Do you run your business as a sole proprietor? For years, the options for tax-advantaged retirement plans for one-person outfits were relatively narrow, restricted to specialized small-business plans such as simplified employee pensions (SEPs). But recent legislative changes have made it possible for sole proprietorships to use the same type of retirement vehicle—the 401(k) plan—favored by bigger companies. A special “solo 401(k)” may provide a distinct advantage over comparable retirement options, enabling you to salt away considerably more money for the future.


People who work for an employer offering a 401(k) plan have the opportunity to direct part of their salary into a personal retirement account that they can invest in mutual funds or other basic vehicles.
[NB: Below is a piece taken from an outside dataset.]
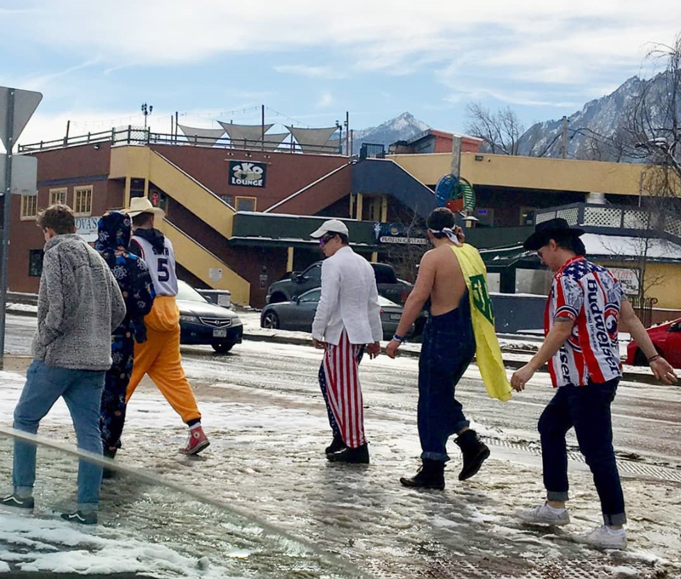 The likelihood of sighting a frat boy on the streets of Boulder is higher than you would think. They're everywhere, and sometimes they're dirty too. Chubbies and sports jerseys are the name of the game for these ones. If found, please return to the hill.

The money deferred to a 401(k) isn’t taxed, and there are no capital gains taxes on investment profits. Instead, account owners pay income tax on money they withdraw during retirement. Many corporations match a portion of employees’ contributions.

There’s an annual limit on how much can be contributed to a 401(k). For 2010, salary deferrals are capped at $16,500 ($22,000 for those age 50 or over). In addition, the total annual contribution for 2010 to a “defined contribution plan” such as a 401(k) or a SEP is generally limited to 25% of compensation or $49,000 ($54,500 for those 50 or older), whichever is less. If you’re self-employed, the cap is 20% of what you earn, and the maximum compensation for these purposes is $245,000 in 2010.
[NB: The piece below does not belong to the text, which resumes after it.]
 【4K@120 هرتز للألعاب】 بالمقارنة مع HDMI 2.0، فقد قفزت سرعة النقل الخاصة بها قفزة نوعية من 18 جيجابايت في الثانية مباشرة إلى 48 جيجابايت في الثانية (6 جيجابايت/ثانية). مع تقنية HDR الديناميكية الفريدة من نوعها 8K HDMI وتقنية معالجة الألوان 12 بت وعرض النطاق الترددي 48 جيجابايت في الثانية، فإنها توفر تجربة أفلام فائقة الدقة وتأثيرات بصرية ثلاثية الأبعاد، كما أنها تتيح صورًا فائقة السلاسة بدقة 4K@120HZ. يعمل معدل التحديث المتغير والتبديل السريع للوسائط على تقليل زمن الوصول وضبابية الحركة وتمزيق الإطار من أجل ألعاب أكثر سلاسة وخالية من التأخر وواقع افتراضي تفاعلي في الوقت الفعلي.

Thanks to a recent change in pension laws, however, you now may be able to combine the annual deferral to a solo 401(k) with an employer’s matching contribution so that the total going into your plan exceeds the normal percentage limit for defined contribution plans. For example, suppose you’re 45 years old, self-employed, and earn $150,000 in 2010. If you contribute to a SEP in 2010, your contribution would be limited to 20% of $150,000, or $30,000. But if you establish a solo 401(k) plan instead, you may be able to save considerably more. First, you defer the employee’s maximum $16,500 to the plan. Then, because you work for yourself, you can sweeten the deal with the maximum employer contribution of $30,000. Add the two together and you can contribute $46,500 to the plan this year.

The more you make, the more you can put into a solo 401(k), though you’ll still be subject to the overall dollar limits of $49,000 or $54,500 that apply to defined contribution plans. Once your compensation reaches $162,500—20% of which is $32,500, the maximum you can add to the $16,500 individual contribution without exceeding the $49,000 cap—the comparative advantage of having a 401(k) instead of an SEP begins to decline. But you’d have to make the full $245,000 to be able to contribute as much to an SEP as to a 401(k).
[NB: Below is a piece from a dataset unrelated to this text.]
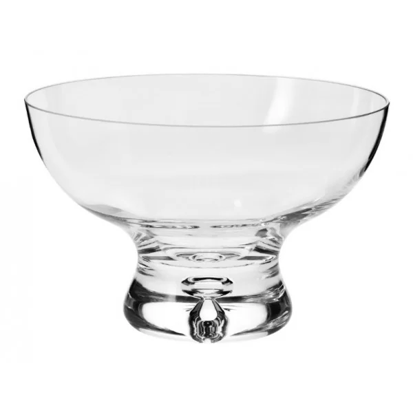 Bardzo oryginalna patera do serwowania owoców, deserów oraz wielu innych przekąsek, o średnicy 23cm. Salaterka na szerokiej nodze ozdobionej otwartym pęcherzem powietrza. Patera została wykonana tradycyjną metodą ręczną, z najwyższej jakości szkła Crystalline.

How much more can you accumulate if you choose a solo 401(k)? It depends on the maximum contributions at your income level for a 401(k) compared with an SEP and how long you have until retirement. But if, for example, you’re able to put away $15,000 more each year in a solo 401(k), you have 25 years to retirement, and you earn 8% annually on investments within the plan, you’ll pile up an additional $1,143,549.

A solo 401(k) plan may also provide other benefits, including:

·        The flexibility to put as much or as little as you choose into the plan each year. If your business is having an off year, you can reduce or suspend contributions until conditions improve.

·        The possibility of taking loans or hardship withdrawals from the plan. If you borrow from your plan, you’re effectively paying yourself back with interest.

·        The ability to accept rollovers from other qualified retirement plans or traditional IRAs.


It used to be that the administrative cost of a 401(k) plan was too high for many sole proprietors, but fees have come down during the past decade. Typically, you’ll now have to pay a set-up fee of about $100 plus ongoing expenses of a few hundred dollars a year. Keep in mind, though, that the benefits of a solo 401(k) really apply only to solo businesses. If your company employs other full-time workers, you must cover them as well and make employer contributions to their plans. But that requirement also applies to other types of retirement plans. If you run a successful one-person business and you want to build up your retirement plan balance as quickly as possible, a solo 401(k) could be your best option.